*** Opening Supplied material ***

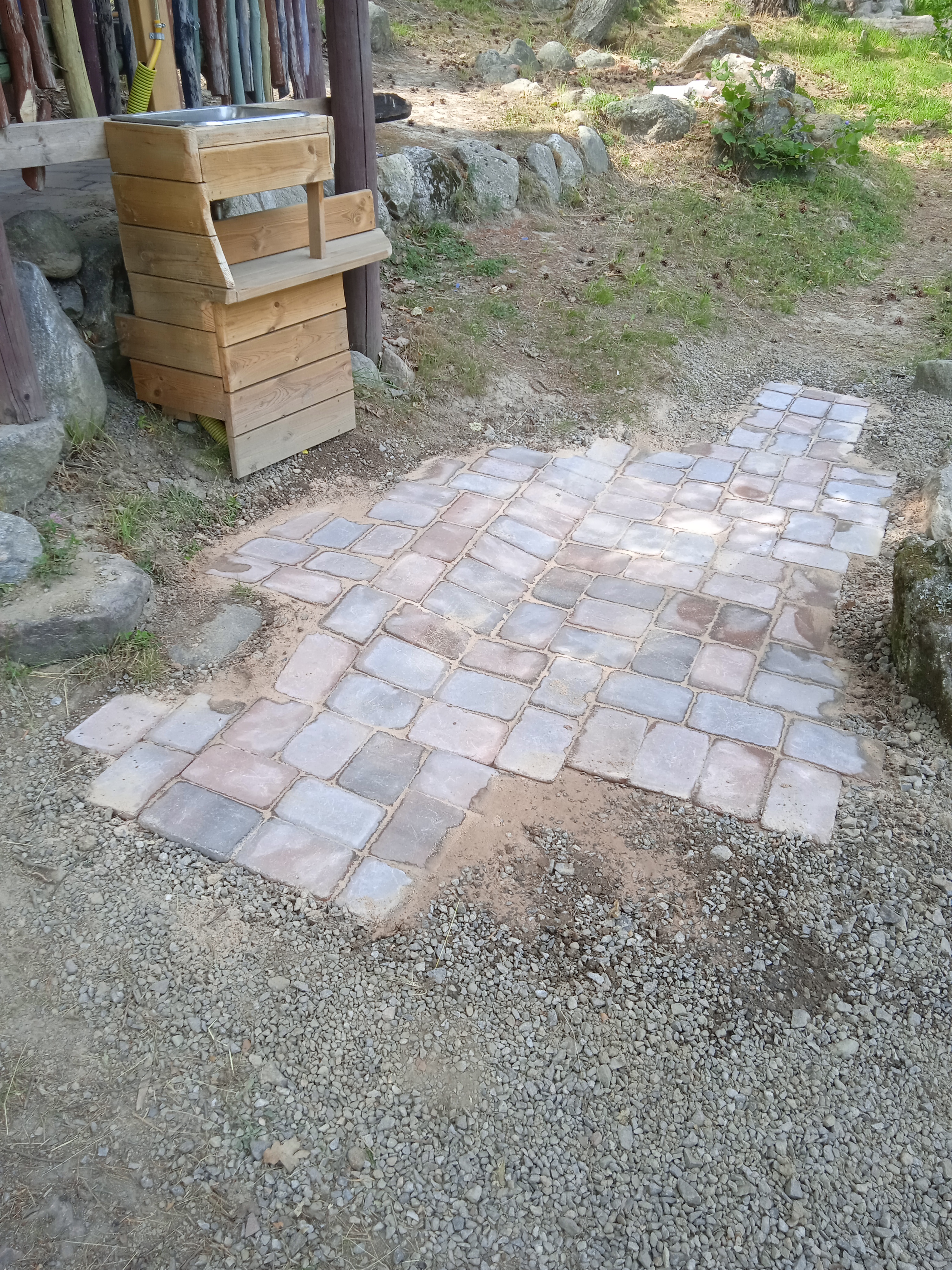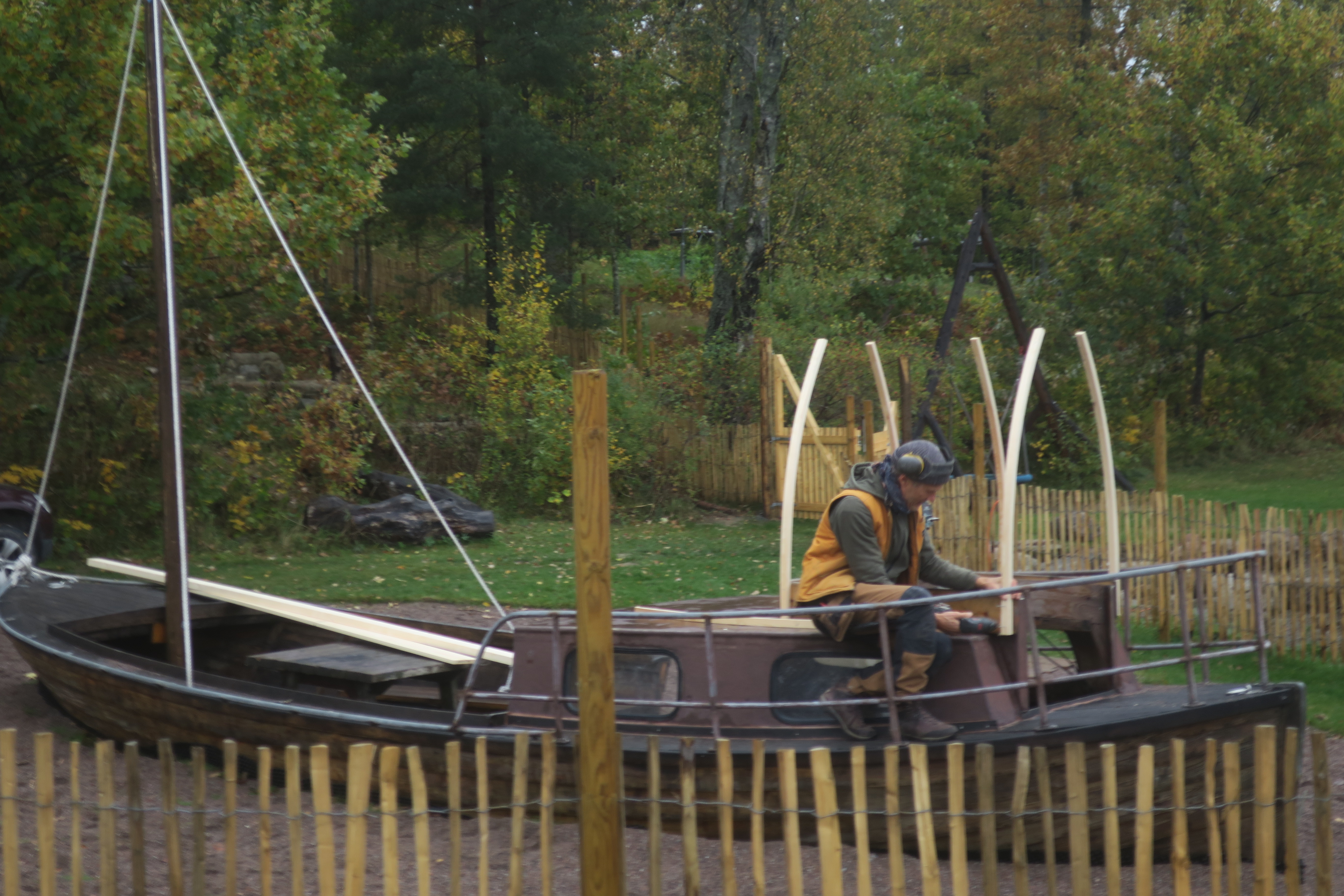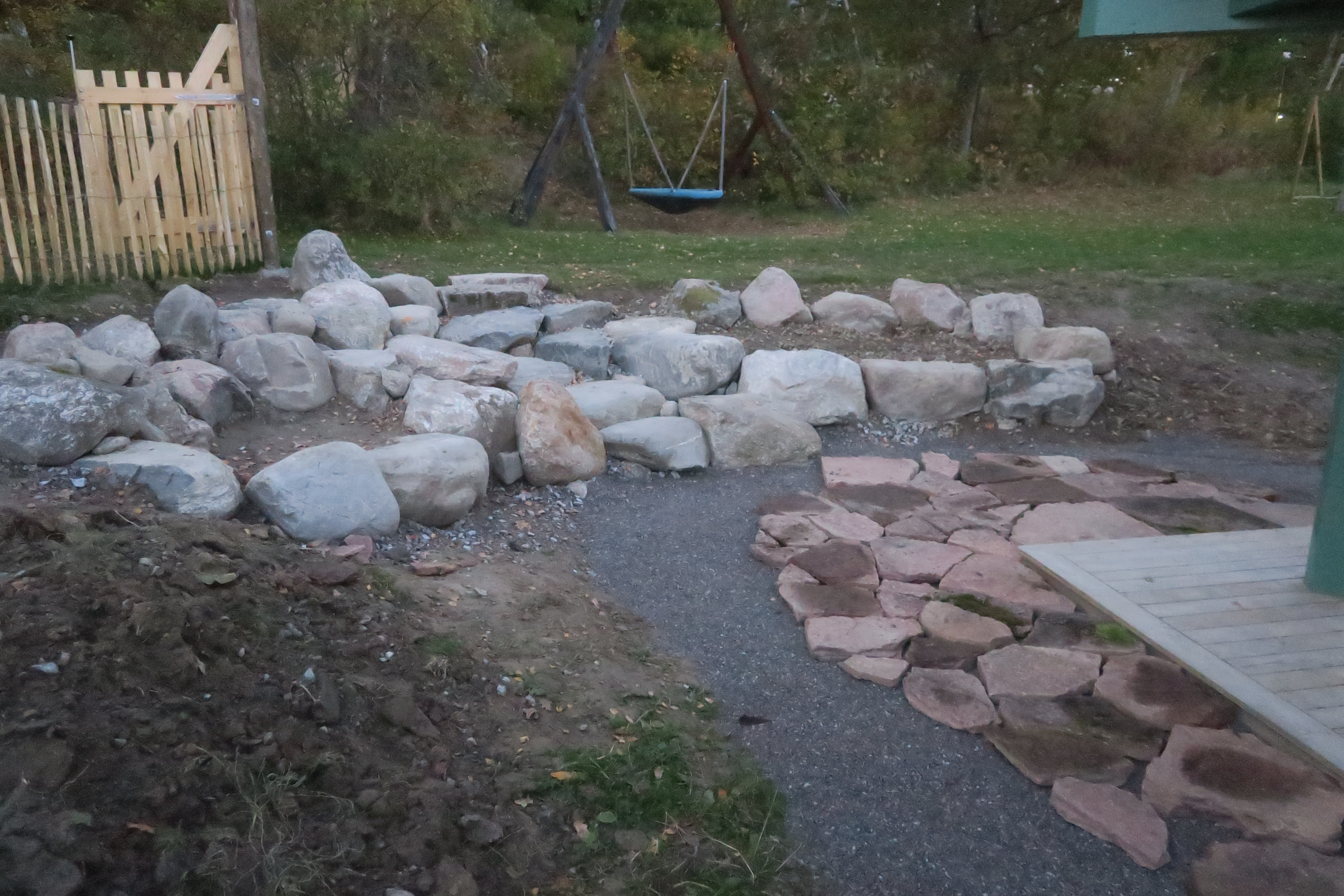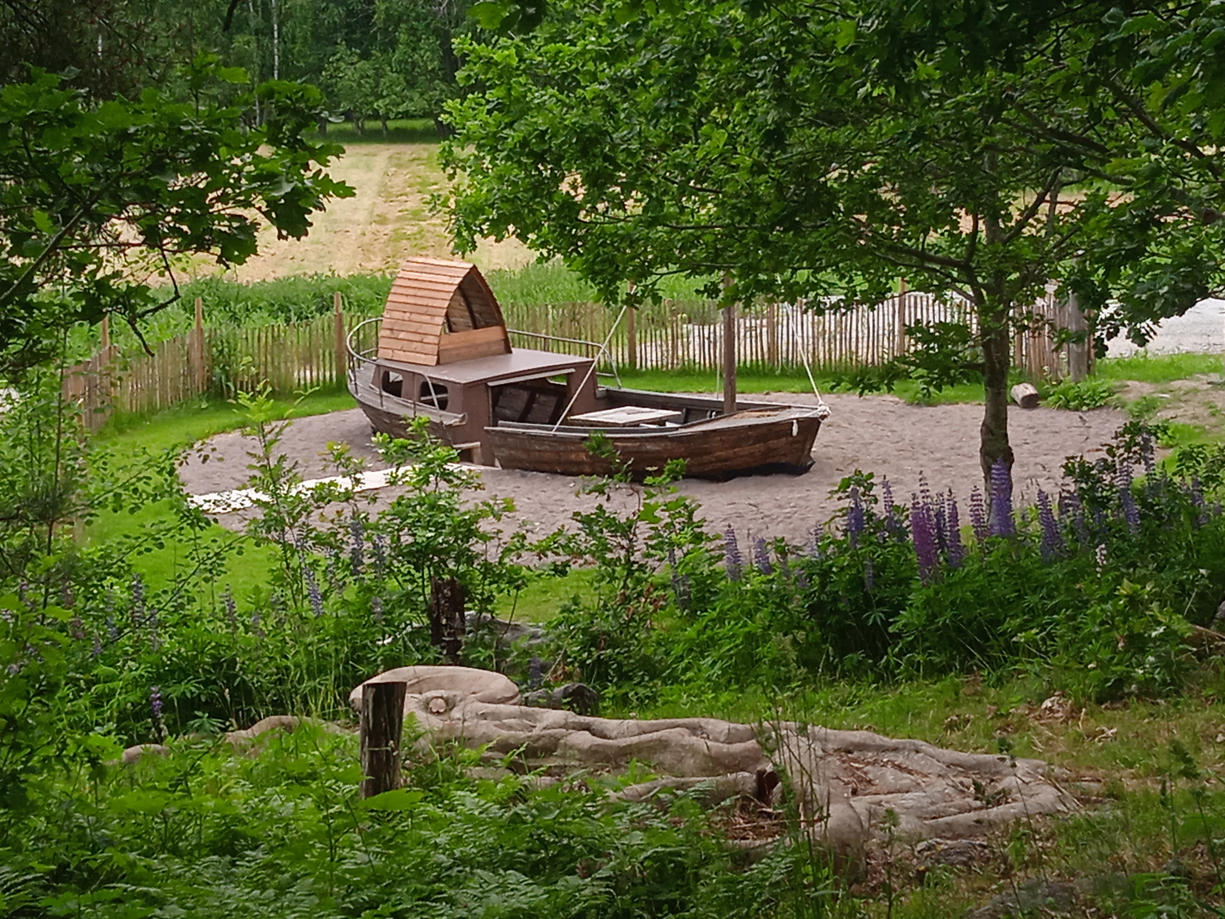 In the beginning I had the honor of collaborating with Torsten Grid, who had been working at Mora Park for over a decade. Together we refurbished an old wooden boat, which we found in the neighbourhood, and placed it in a pit of sand in the schools playground. This new feature led to an overall renovation of this part of the playgrounds. A new lawn, chestnut fence, and willow hedgerow were also added in encircling layers. Additionally a retaining wall of natural stones was placed at the corner closest to the new school building. It doubles as a stairway up to the playground gate. In it also hides drainpipes, as the soil here consists of heavy clay.
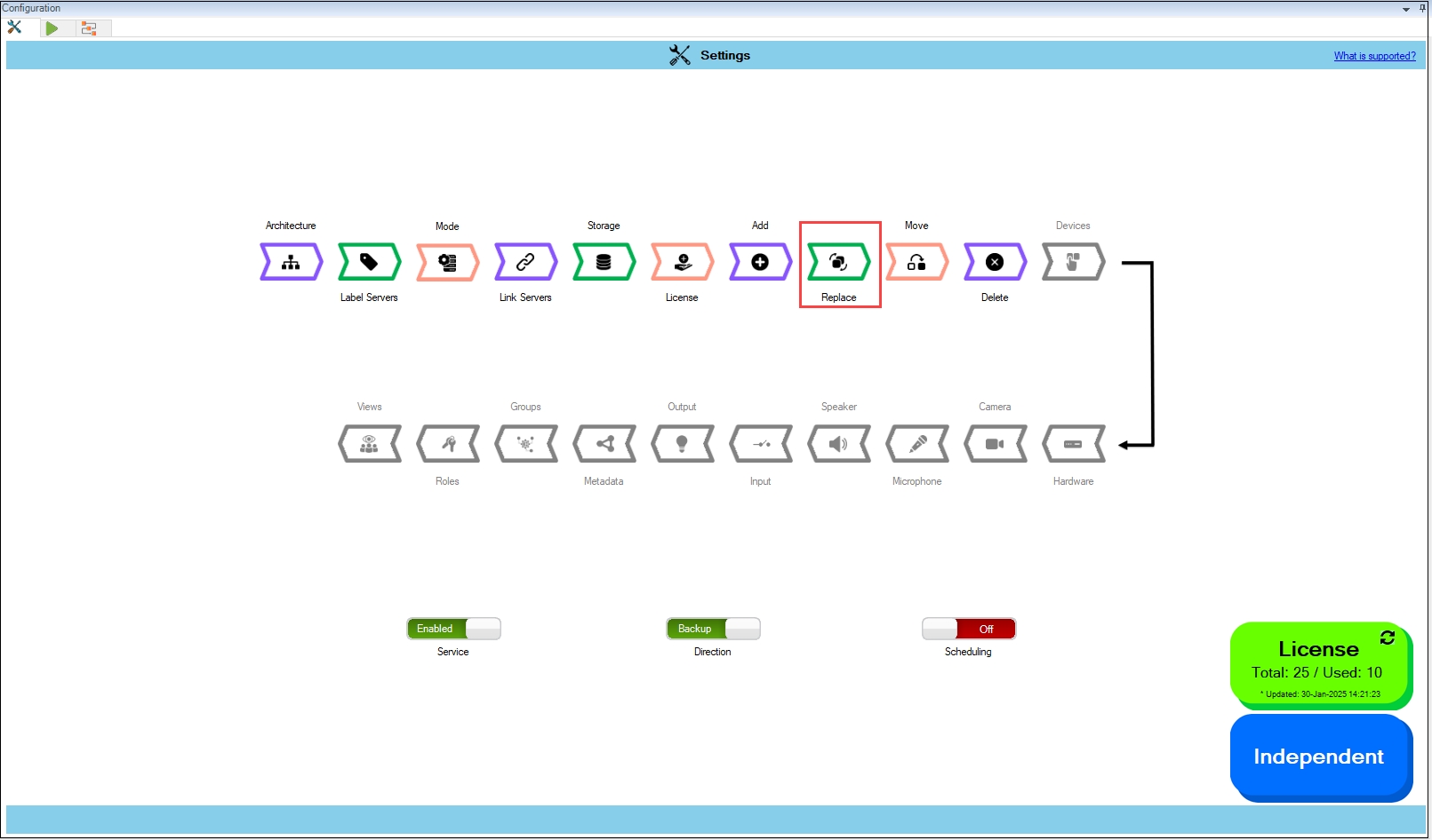 Backup mode: Replacing a camera on the Primary recorder instantly triggers the same replacement on the linked Secondary.
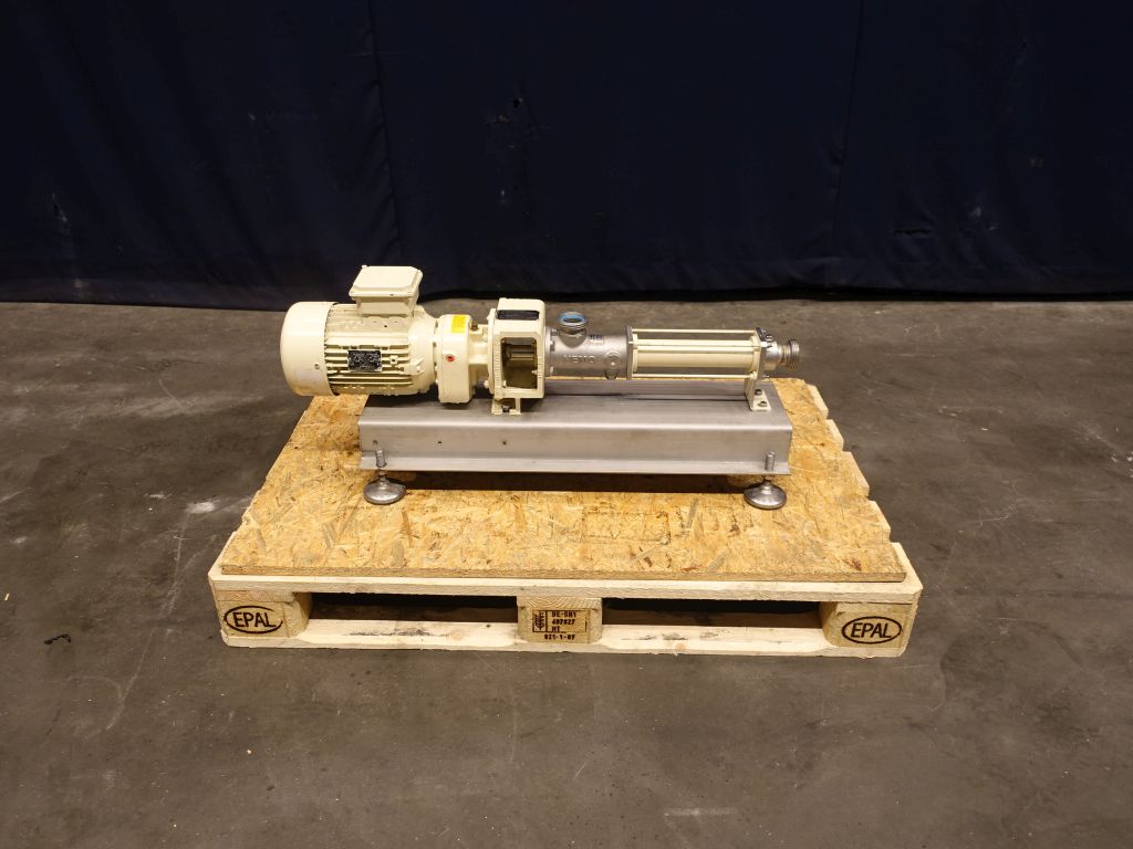Screw / mono pump. Stator diameter 5 cm. Stator length 23 cm. Current motor: 1,5 kW - 3,55 A - n1: 1395 rpm - i = 3,6 - n2 / pump speed: 388 rpm. Connections: 1,5'', DIN.
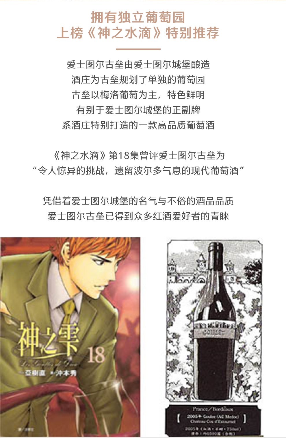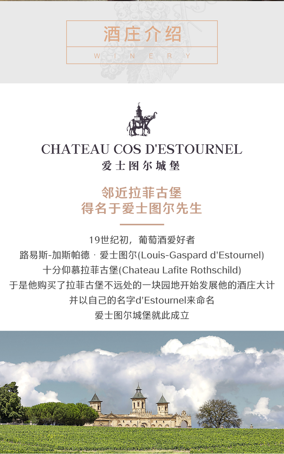 爱士图尔庄园闻名遐迩的城堡建筑同样出自创始人路易斯之手。对东方文化涉猎颇深且十分喜爱的路易斯别出心裁地将众多东方元素融合进酒庄城堡的设计中。他在酒庄城堡之上建造了雄伟的印度宝塔,宝塔之下则为华丽精美的酒窖,为爱士图尔庄园点缀上绮丽而沉静的东方色彩。此外,他还特意从桑给巴尔(Zanzibar)运回一道苏丹宫殿大门,并在城堡各处雕刻上象征着智慧的印度大象,将酒庄打造成“献给葡萄酒的一座豪华宫殿”,路易斯本人也因此被人们称为“圣埃斯泰夫大君(Maharajah of Saint-Estephe)”。如今,爱士图尔这座独具东方古韵的城堡已成为波尔多最热门的景点之一。

*** Closing Supplied material ***

[Your task]
Return the material as it stands. Leave out the pictures.

[Response]
 In the beginning I had the honor of collaborating with Torsten Grid, who had been working at Mora Park for over a decade. Together we refurbished an old wooden boat, which we found in the neighbourhood, and placed it in a pit of sand in the schools playground. This new feature led to an overall renovation of this part of the playgrounds. A new lawn, chestnut fence, and willow hedgerow were also added in encircling layers. Additionally a retaining wall of natural stones was placed at the corner closest to the new school building. It doubles as a stairway up to the playground gate. In it also hides drainpipes, as the soil here consists of heavy clay.
 Backup mode: Replacing a camera on the Primary recorder instantly triggers the same replacement on the linked Secondary.
Screw / mono pump. Stator diameter 5 cm. Stator length 23 cm. Current motor: 1,5 kW - 3,55 A - n1: 1395 rpm - i = 3,6 - n2 / pump speed: 388 rpm. Connections: 1,5'', DIN.
 爱士图尔庄园闻名遐迩的城堡建筑同样出自创始人路易斯之手。对东方文化涉猎颇深且十分喜爱的路易斯别出心裁地将众多东方元素融合进酒庄城堡的设计中。他在酒庄城堡之上建造了雄伟的印度宝塔,宝塔之下则为华丽精美的酒窖,为爱士图尔庄园点缀上绮丽而沉静的东方色彩。此外,他还特意从桑给巴尔(Zanzibar)运回一道苏丹宫殿大门,并在城堡各处雕刻上象征着智慧的印度大象,将酒庄打造成“献给葡萄酒的一座豪华宫殿”,路易斯本人也因此被人们称为“圣埃斯泰夫大君(Maharajah of Saint-Estephe)”。如今,爱士图尔这座独具东方古韵的城堡已成为波尔多最热门的景点之一。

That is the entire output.